Omit all pictures. Print the remaining lines exactly, from the start of the data through the line containing "Babyono Bambusová osuška".

START AVAILABLE RECORDS

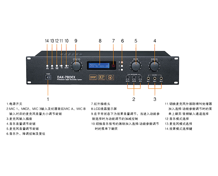 音乐麦克风七段均衡,可独立调节
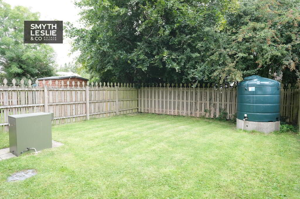 Fully enclosed lawned, private garden to rear. Pedestrian side alleyway access from front of house. Lawned garden to front, tarmac driveway and parking area. PVC oil tank and oil fired boiler to rear.
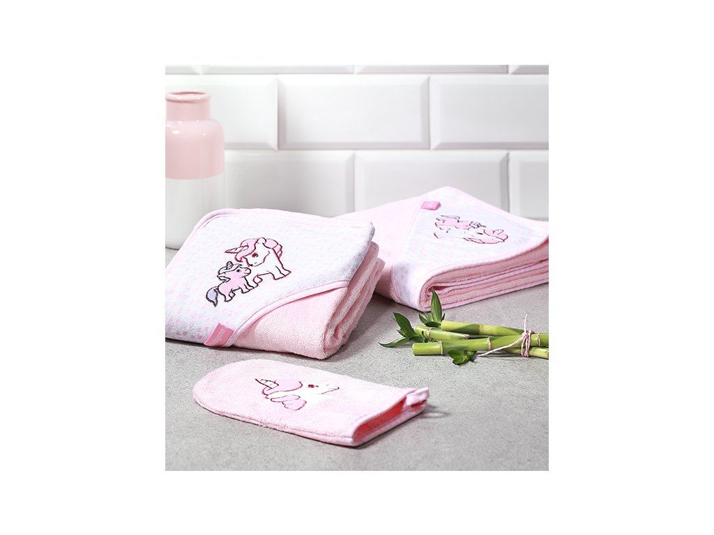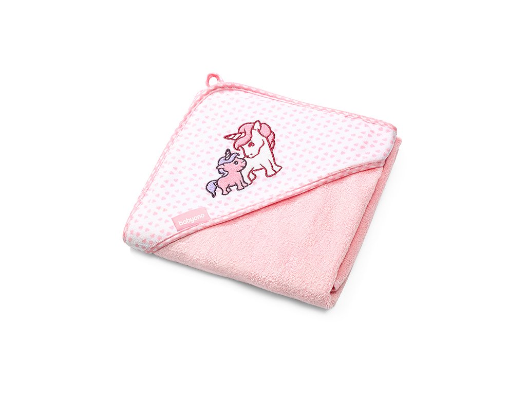 Babyono Bambusová osuška s kapucňou ružová jednorožec 100x100 cm
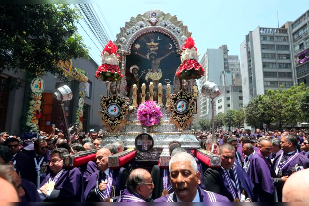 Lima, 26 de octubre de 2025. Miles de fieles inundaron las calles del Centro Histórico de Lima en la tradicional procesión del Señor de los Milagros, una de las manifestaciones religiosas más importantes de Perú. La imagen del Cristo de Pachacamilla, pintada en el siglo XVII por un esclavo angoleño en una pared del conventillo de Pachacamilla, recorrió su ruta habitual desde el Monasterio de las Nazarenas hasta la iglesia de San Francisco, acompañada por el canto de coros, sahumadoras y el aroma característico del incienso que impregna el aire como un velo de tradición limeña. En este año de renovada fe, el anda pasó por avenidas emblemáticas donde el bullicio devoto se entreteje con el rumor de la ciudad eterna.
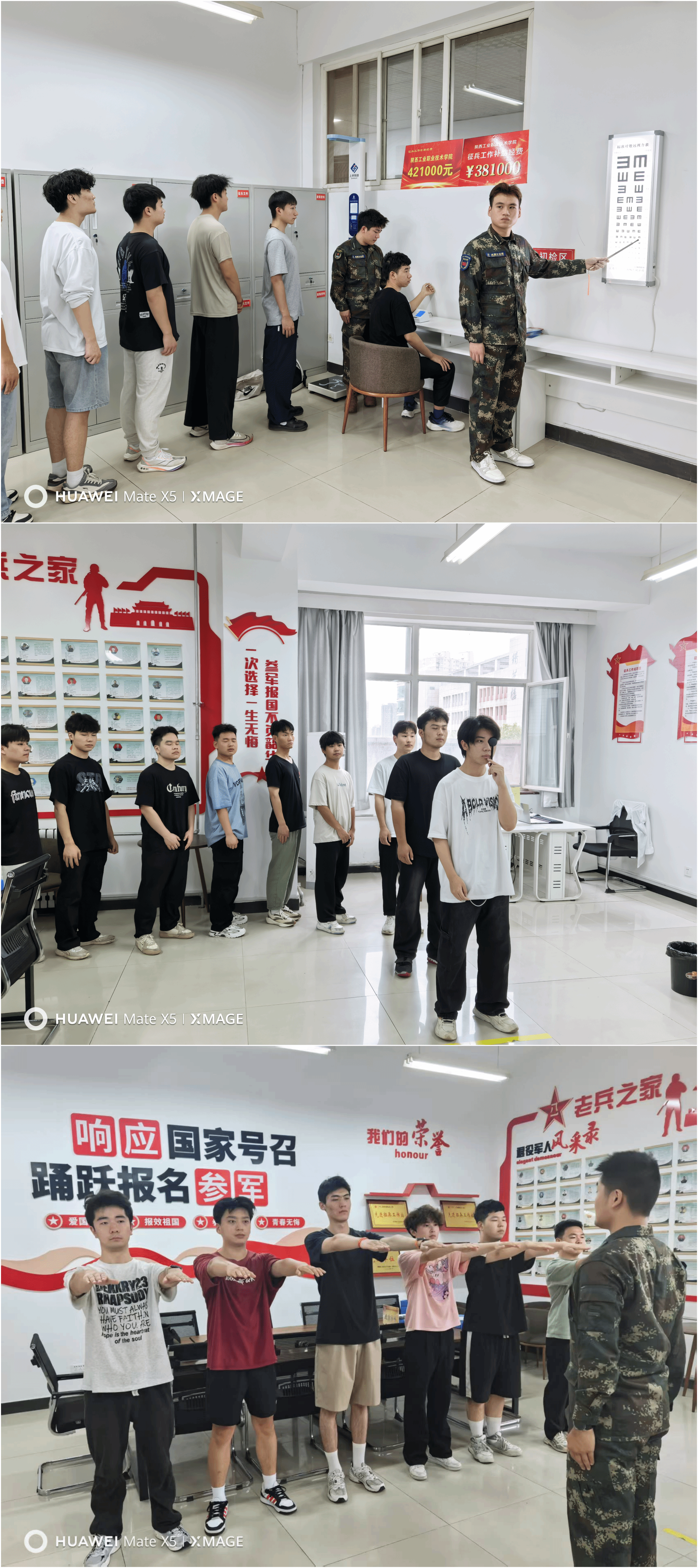 本次征兵工作开展以来,我校按照早筹划、早准备、早部署、早落实的原则,加大宣传力度,充分调动我校学子参军入伍的积极性和主动性。此次初检初审合格的预征对象由校征兵工作站确定为送检对象,将在2025年8月中旬由渭城区征兵办统一组织实施正式体检。
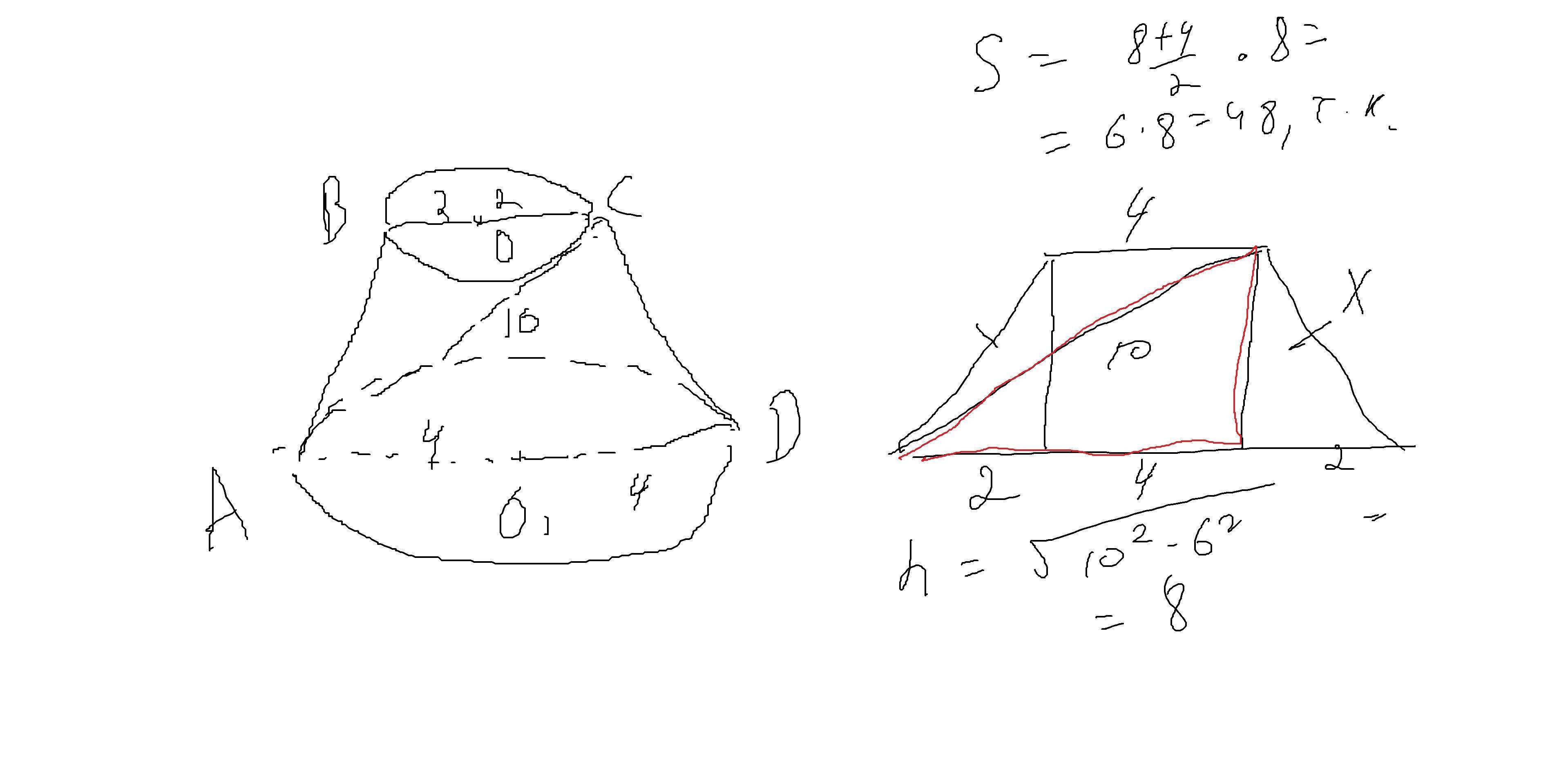 Диагональ осевого сечения усеченного конуса равна 10 см, радиус основ - 2 см и 4 см. Вычислите площадь осевого сечения усеченного конуса.
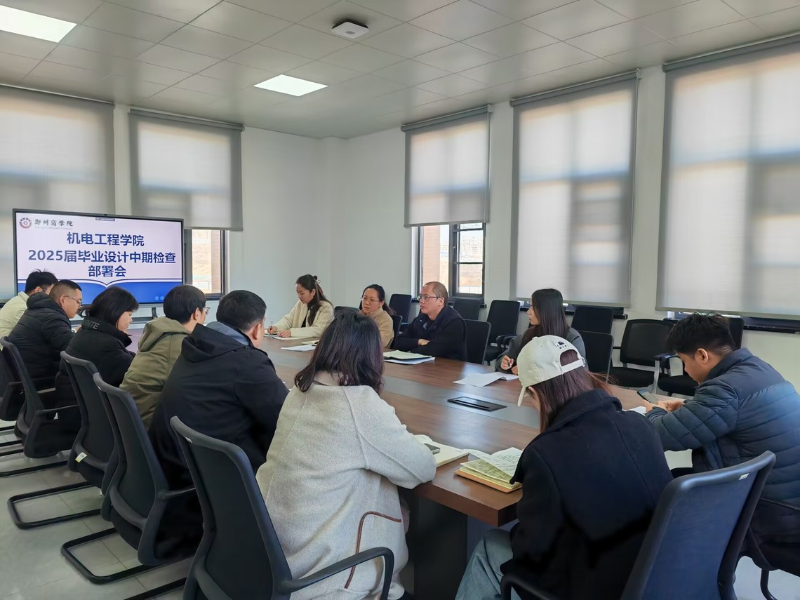 为进一步提升毕业生毕业论文(设计)的专业性与规范性,强化过程性管理,确保毕业论文(设计)综合质量,根据学校质评中心、教务处等相关部门的工作部署,机电学院于本学期第4、5周开展了毕业论文(设计)中期检查工作。在检查工作启动前,机电学院高度重视,于2025年3月10日组织召开了毕业论文中期检查部署会。会议由学院领导、教研室主任、质量监督员及论文联络员等共同参与。会议重点强调了25届毕业论文(设计)工作的重要性,明确了本次中期检查的具体内容、标准及时间节点,并对检查流程进行了详细安排,以确保检查工作的有序推进和有效落实。
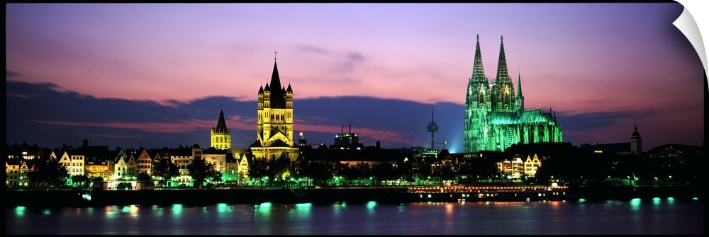 <p>Panoramic photo of a German cityscape lit up at night on the water.</p>
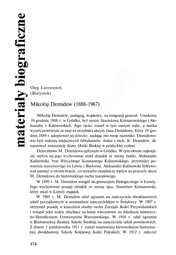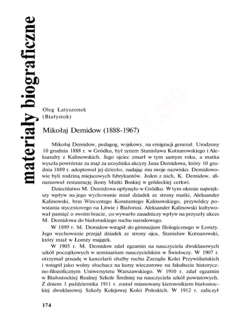 Oleg Ùatyszonek (Biaùystok) Mikoùaj Demidow (1888-1967) Mikoùaj Demidow, pedagog, wojskowy, na emigracji generaù. Urodzony 10 grudnia 1888 r. w Gródku, byù synem Stanisùawa Kotnarowskiego i Aleksandry z Kalinowskich. Jego ojciec zmarù w tym samym roku, a matka wyszùa powtórnie za mąż za urzędnika akcyzy Jana Demidowa, który 10 grudnia 1889 r. adoptowaù jej dziecko, nadając mu swoje nazwisko. Demidowowie byli rodziną miejscowych fabrykantów. Jeden z nich, K. Demidow, sfinansowaù restaurację ikony Matki Boskiej w gródeckiej cerkwi. Dzieciństwo M. Demidowa upùynęùo w Gródku. W tym okresie największy wpùyw na jego wychowanie miaù dziadek ze strony matki, Aleksander Kalinowski, brat Wincentego Konstantego Kalinowskiego, przywódcy powstania styczniowego na Litwie i Biaùorusi. Aleksander Kalinowski kultywowaù pamięć o swoim bracie, co wywarùo zasadniczy wpùyw na przyszùy akces M. Demidowa do biaùoruskiego ruchu narodowego. W 1899 r. M. Demidow wstąpiù do gimnazjum filologicznego w Ùomży. Jego wychowanie przejąù dziadek ze strony ojca, Stanisùaw Kotnarowski, który miaù w Ùomży majątek. W 1905 r. M. Demidow zdaù egzamin na nauczyciela dwuklasowych szkóù początkowych w seminarium nauczycielskim w Świsùoczy. W 1907 r. otrzymaù posadę w kancelarii sùużby ruchu Zarządu Kolei Przywiślańskich i wstąpiù jako wolny sùuchacz na kursy wieczorowe na fakultecie historyczno-filozoficznym Uniwersytetu Warszawskiego. W 1910 r. zdaù egzamin w Biaùostockiej Realnej Szkole Średniej na nauczyciela szkóù powiatowych. Z dniem 1 października 1911 r. zostaù mianowany kierownikiem biaùostockiej dwuklasowej Szkoùy Kolejowej Kolei Poleskich. W 1912 r. zaliczyù 174 w Wileńskim Instytucie Pedagogicznym letni kurs pedagogiki i metodyki oraz wykùady z historii tzw. Kraju Póùnocno-Zachodniego (tj. Litwy i Biaùorusi). Zdaù egzamin na nauczyciela historii i języka rosyjskiego szkóù miejskich Wileńskiego Okręgu Szkolnego. 18 lipca 1914 r. zostaù zmobilizowany do armii rosyjskiej. Sùużyù początkowo w pododdziaùach gospodarczych różnych jednostek wojskowych na Kowieńszczyźnie. Pod koniec stycznia 1915 r. przeniesiony na stanowisko pisarza wydziaùu mobilizacji oficerów w Piotrogrodzie. Pod koniec tegoż roku uczęszczaù na kursy w Wojskowej Akademii Mikoùajewskiej. W październiku 1916 r. skierowany do Pierwszej Pawùowskiej Szkoùy Wojskowej, którą ukończyù 1 lutego 1917 r. i mianowany zostaù oficerem kursowym 7 kompanii we wspomnianej szkole. Po rewolucji październikowej wstąpiù do związku oficerów-rewolucjonistów. Mianowany zostaù nowogrodzkim komisarzem obwodowym. Wykonując swe obowiązki odwiedziù Dźwińsk (dawniej Dyneburg, obecnie Daugavpils), gdzie dostaù się na początku marca 1918 r. do niewoli niemieckiej. Po rewolucji w Niemczech zostaù zwolniony z niewoli pod koniec listopada 1918 r. i udaù się do Wilna, gdzie aktywnie wùączyù się do organizacji biaùoruskich oddziaùów w armii litewskiej. 1 grudnia 1918 r. odkomenderowany jako oficer zapasu w stopniu porucznika do Litewskiego Ministerstwa Obrony. 20 grudnia 1918 r. przybyù w stopniu kapitana wraz z grupą biaùoruskich oficerów do Grodna, gdzie objąù stanowisko komendanta miasta. Zorganizowaù trzystupięćdziesięcioosobowy Samodzielny Batalion Komendy Grodzieńskiej, peùniący sùużbę wartowniczą i patrolową żandarmerię oraz sùużbę kolejową pocztową i telegraficzną. Do jego obowiązków należaùa także organizacja werbunku ochotników do oddziaùów biaùoruskich. Dzięki energicznym dziaùaniom M. Demidowa powstaùy punkty werbunkowe w Biaùymstoku, Bielsku, Brześciu, Druskiennikach, Prużanie, Sùonimiu, Sokóùce, Szczuczynie, Wasiliszkach i Woùkowysku. Mikoùaj Demidow organizowaù także ochronę alianckich misji, amerykańskiej i francuskiej, które odwiedziùy Grodno. 1 czerwca 1919 r. zostaù aresztowany przez wùadze polskie, które zamierzaùy wymienić go na więzionego w Kownie polonofilskiego dziaùacza biaùoruskiego Kazimierza Ćwirkę-Godyckiego aresztowanego wcześniej przez M. Demidowa. Pod koniec lipca 1919 r. zostaù internowany w obozie w Biaùymstoku. Po zwolnieniu z internowania, we wrześniu 1919 r. wstąpiù na biaùoruskie kursy nauczycielskie (i je ukończyù). W tym samym czasie wszedù w skùad Biaùoruskiej Komisji Wojskowej (BKW) w Wilnie, zalegalizowanej 22 października 1919 r. dekretem Józefa Piùsudskiego. Na początku października 1919 r. byù czùonkiem komisji organizacyjnej BKW. Na początku grudnia 1919 r. M. Demidow wraz z BKW przeniósù się do Mińska, a następnie skierowany zostaù do biaùoruskiej szkoùy podchorążych, utworzonej w Warszawie na mocy wspomnianego dekretu. 175 Zniechęcony bezczynnością BKW, M. Demidow wstąpiù latem 1920 r. (w czasie bolszewickiego pochodu na Warszawę) do armii gen. Stanisùawa Buùak-Baùachowicza. Generaù zleciù M. Demidowowi sformowanie Samodzielnego Batalionu Biaùoruskiego i mianowaù go dowódcą tego batalionu. Zwerbowani przez M. Demidowa ochotnicy pochodzili z Biaùostocczyzny. Batalion liczyù ok. 700 bagnetów (w tym 26 oficerów). W skùadzie Ostrowskiego Puùku Piechoty 2 Dywizji Piechoty wziąù udziaù w podjętej przez gen. S. Buùak-Baùachowicza w listopadzie 1920 r. zbrojnej próbie utworzenia niepodlegùej Biaùoruskiej Republiki Ludowej. Ostrowski Puùk Piechoty w dniach 10-14 listopada Mikoùaj Demidow w 1919 r. (?) 1920 r. toczyù zacięte walki o miasto Fot. ze zbiorów Mikoùaja Ùatuszkina i stację kolejową Kalenkowicze, które kilkakrotnie przechodziùy z rąk do rąk, zaś od 17 listopada 1920 r. osùaniaù odwrót grupy gen. Józefa Buùak-Baùachowicza spod Mozyrza. 27 listopada 1920 r. dowodzony przez M. Demidowa batalion zatrzymaù się na linii demarkacyjnej pomiędzy Olszanami i Maleszewem na prawym brzegu Prypeci wraz z biaùoruskim batalionem Smoleńskiego Puùku Piechoty. Tego samego dnia biaùo
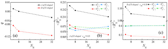 Finally, we calculate the orientation parameter q and the mean-square radius of gyration <Rg2> (as well as <Rg2>x, <Rg2>y, <Rg2>z) of the H-shaped block copolymers at different homopolymer chain lengths in Figure 11a–c. Figure 11a–c depict the chain orientation parameter q and the dimensions of the H-shaped block copolymers as functions of the homopolymer chain length NH. Our results reveal that, as the homopolymer chain length increases from NH = 4 to 32, the chain orientation parameters q initially exhibit a rapid decrease followed by a slower decline (Figure 11a). This trend suggests that the A and B blocks of the H-shaped block copolymers undergo greater extension in the x-direction, perpendicular to the interface, at shorter homopolymer chain lengths. Figure 11b,c illustrate that both the mean-square radii of gyration <Rg2> and the x-component of <Rg2> (<Rg2>x) for the copolymer blocks decline sharply as the homopolymer chain length NH increases from 4 to 8. However, as NH continues to increase from 8 to 32, the rate of decline becomes gradual. Our investigation also reveals that, with an increase in NH, the y and z components of B blocks (y and z denoting directions parallel to the interface) of <Rg2> remain relatively stable, exhibiting almost no change. The observed trend in the mean-square radii of gyration and the three components of H-shaped block copolymers is consistent with the chain orientation parameter q. The findings suggest that shorter chain lengths of homopolymers lead to increased stretching of H-shaped block copolymers along the x-direction, which is perpendicular to the interface. Additionally, the broader distribution of A + B within the H-shaped block copolymers, as depicted in Figure 9, contributes to higher values of q, <Rg2> and <Rg2>x for these copolymers.
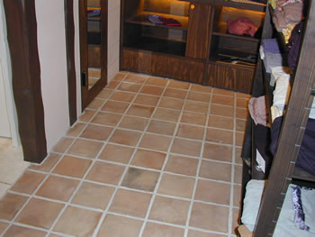 手つくり(ハンドメイドテラコッタ)を店舗に使いました。一枚一枚タイルの色が微妙に違い素焼きタイルの素朴な自然の風合いが、このフランス菓子店の欧風なイメージを高めています。

END AVAILABLE RECORDS

- SOLUTION
 音乐麦克风七段均衡,可独立调节
 Fully enclosed lawned, private garden to rear. Pedestrian side alleyway access from front of house. Lawned garden to front, tarmac driveway and parking area. PVC oil tank and oil fired boiler to rear.
 Babyono Bambusová osuška s kapucňou ružová jednorožec 100x100 cm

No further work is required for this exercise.